L’ACNOA et ses invités ont médité sur les chiffres des Jeux de Rio, en hésitant souvent entre fierté et frustration. Certes, le continent, dans son ensemble, a décroché 45 médailles aux derniers Jeux, à Rio de Janeiro. Mais, l’Europe en a remporté dix fois plus. Surtout, le résultat collectif de l’Afrique pèse moins de 5% du total des médailles distribuées au Brésil, précisément 4,6%. «Insuffisant», ont martelé les uns et les autres.
Dans le détail, le Kenya s’est révélé le plus performant aux Jeux de Rio 2016, avec 13 places sur le podium, pour une délégation forte de 89 athlètes. L’Afrique du Sud a pris la deuxième place, avec 10 médailles, mais avec une équipe olympique nettement plus nombreuse (137 sélectionnés). L’Ethiopie pointe en troisième position, avec un ratio très respectable: 8 médailles pour seulement 38 engagés. Mais, autre motif d’inquiétude relevé à Abidjan, le Kenya et l’Ethiopie ont brillé dans un seul sport: l’athlétisme. L’Afrique du Sud, observée plus que jamais comme le meilleur élève du continent, a fait preuve d’un équilibre des forces unique dans le sport africain, décrochant des médailles en athlétisme, natation, aviron, rugby et triathlon.
Au cours de la dernière olympiade, l’ACNOA avait mis la main à la poche, annonçant dès le printemps 2013 une aide exceptionnelle de 607 000 dollars pour la préparation des Jeux de Rio. Elle a bénéficié à 101 athlètes africains, représentant 17 pays. L’athlétisme a hérité de la plus grosse part (74%), devant la natation (14%), le taekwondo (8%), le judo et la boxe. Pour l’actuelle olympiade, elle se monte à 1 million de dollars pour la période 2017-2020.
L’effort n’est pas mince. Mais l’Afrique voit grand. Elle veut avancer groupée vers Tokyo 2020, sans s’interdire de quitter sa zone de confort.

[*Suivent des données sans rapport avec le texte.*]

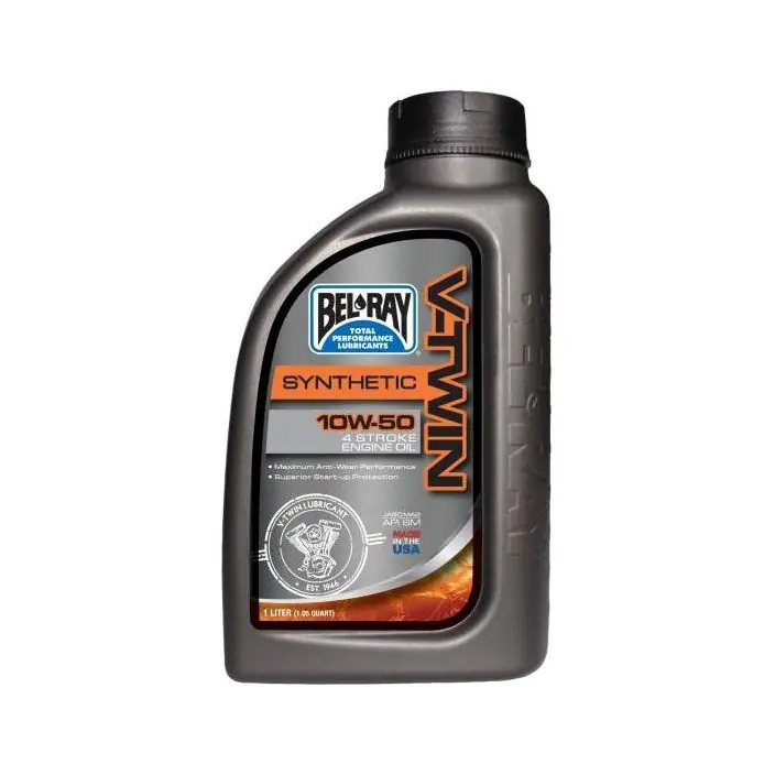 De V-Twin Synthetic Engine Oil 10W-50 is een 100 procent synthetische, hoogwaardige multigrade 4-takt motorolie die geschikt is voor zowel lucht als watergekoelde motoren. Voldoet aan en overtreft de eisen die aan een V-Twin motorolie worden gesteld. Minimaliseert wrijving voor een verhoogd vermogen en lagere bedrijfstemperaturen en reduceert lager- en kleppenmechanisme slijtage. Houdt zuigers en zuigerveren schoon en verlaagt olieverbruik.

La première journée du forum de l’ACNOA l’a révélée comme une évidence: l’Afrique du Sud s’impose plus que jamais comme le modèle à suivre. Son équipe olympique a décroché 10 médailles aux Jeux de Rio. Elle en vise au moins 15 à Tokyo 2020, lorgnant vers le cyclisme, l’escalade ou le skateboard comme autant de nouveaux terrains de conquête. Son organisation à l’occidentale, structurée et planifiée, fait des envieux. «Mais rien n’est dû au hasard, nous avons beaucoup investi», explique le président du comité national olympique d’Afrique du Sud, Gideon Sam. Nous avons beaucoup investi.  Pour Lassana Palenfo, président de l’A.c.n.o.a, l’Afrique ira à Tokyo pour viser toujours plus de podiums. Rendez-vous est pris.